Aquaculture North America

DFO, activist compete over tracking escaped salmon

November 2, 2017
By Liza Mayer

In the aftermath of the escape of roughly 160,000 fish from a Cooke Aquaculture-owned salmon farm in Washington State, Canada’s Department of Fisheries and Oceans (DFO) are encouraging fishermen and anglers who have caught escaped salmon to report their findings to their Atlantic Salmon Watch (ASW). At the same time, long-time industry critic and biologist Alexandra Morton is asking them to send the information to her.

A screen grab from a drone footage of the collapsed fish farm owned by Cooke Aquaculture in Washington State. The escaped Atlantic salmon are turning up in British Columbia.

The escapes took place on August 9 and 10, at Cooke Aquaculture’s farm on Cypress Island when net pens failed in the face of strong currents. DFO senior aquaculture biologist Byron Andres, who runs the ASW program, says they want people to report escaped salmon to them so they can validate sightings and capture data in order to guide their response to the issue.

“The ability to speak to people directly allows me to validate reports and communicate the goals of the program,” Andres tells Aquaculture North America (ANA). “With respect to data, we are looking for date and location, size and health of the fish, the gear and method used to catch it, gut content (if processed), and whether and where the fish is retained.”

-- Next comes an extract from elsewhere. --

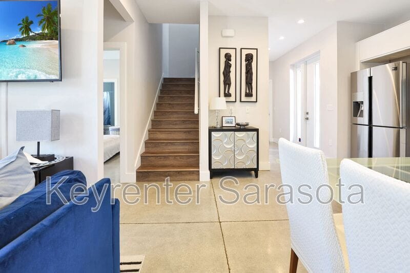 This gorgeous modern townhouse boasts 4 spacious bedrooms and 3.5 bathrooms, offering ample space and comfort for a family. The kitchen is a chef's dream with granite countertops and stainless steel appliances. The open floor plan includes dining space and cozy living room, both featuring high/vaulted ceilings and hardwood floors, creating a warm and inviting atmosphere. The townhouse also includes loft space for a dedicated office/desk space, perfect for those who work from home or homework. The primary suite is a true retreat with a walk-in closet and a private balcony. Outside, you'll find a fully fenced patio, perfect for outdoor entertaining. Additional amenities include a one-car garage, 2 guest parking spaces, and a laundry room. No HOA. Central Sarasota location with just a short walk to Trader Joe's and Barnes & Noble. You're minutes away from Siesta Key beach and downtown Sarasota. ______________ To learn more about this property or to schedule a viewing, please contact Keyrenter Sarasota at +1 or via email at info@. Visit our website at for more information. BASICS * Application Link: * Availability: Jan 20th * UNFURNISHED * Pets Allowed: NO * Utilities: Garbage Pick Up and Lawn Care. Tenants are responsible for all other utilities. * Parking: 1 car garage with Tesla Charging Station * Renter's insurance is required. (included in the resident benefit package) * Lease Term: 12 Months THE IMPORTANT THINGS THAT YOU SHOULD KNOW: * No Smoking * Application Fee is $75 per Adult, Non-Refundable. * Please review Keyrenter’s Application Criteria prior to applying. * Application turnaround time is 1-3 Business days * $55 monthly Residents Benefit Package * $150 Leasing Fee (Admin Fee) NON REFUNDABLE * Security Deposit: One Month’s Rent * Last Month’s Rent: One Month’s Rent * No HOA * All Keyrenter Sarasota residents are enrolled in the Resident Benefits Package (RBP) for $55/month which includes renters insurance, HVAC air filter delivery (for applicable properties), credit building to help boost your credit score with timely rent payments, $1M Identity Protection, move-in concierge service making utility connection and home service setup a breeze during your move-in, our best-in-class resident rewards program, and much more! More details upon application. * Other terms, fees, and conditions may apply. All information is deemed reliable but not guaranteed and is subject to change. Rent is subject to change. * Please contact kevin@ for more information or to schedule a tour. Contact Us: Office: BEWARE OF SCAMMERS * The owner will NEVER contact you to lease the house on their own, ONLY Keyrenter Sarasota will be in contact with you. If someone reaches out claiming to be the owner, they are trying to steal your money or personal information. * We do not list our properties on Craigslist. * We will always lease the property for exactly the price and deposit posted on our official website. * Keyrenter will never ask you to wire money or to take the key from the property. We allow self-guided tours with an appointment. Call for details. All information is deemed reliable but not guaranteed and is subject to change. Amenities: patio, fenced yard (full), garage opener, granite countertops, stainless steel appliances, walk-in closet, cable ready, dining room, guest parking, high/vaulted ceilings, living room, office/den, balcony, hardwood floor, newly remodeled, tesla charger, laundry, 1 car garage, yard (fully fenced), electric car charging station, tesla charging station

Andres says that DFO is also making every attempt to recover the carcasses, and encourages people who have caught them to retain at least the head and stomach to be used for later analysis. DFO will cover the costs of recovering the carcasses. He hopes that anyone who shares their data with Morton will also send it to ASW by calling 1-800-811-6010 toll-free.

Morton did not respond as of press time to ANA’s requests for information as to how she will use the information. She has made comments in the past, in media and on her Facebook page, identifying herself and her supporters as “the Department of Wild Salmon.” She is currently suing DFO for not making testing for the piscine reovirus mandatory in fish farms, her fifth lawsuit against the industry over the years.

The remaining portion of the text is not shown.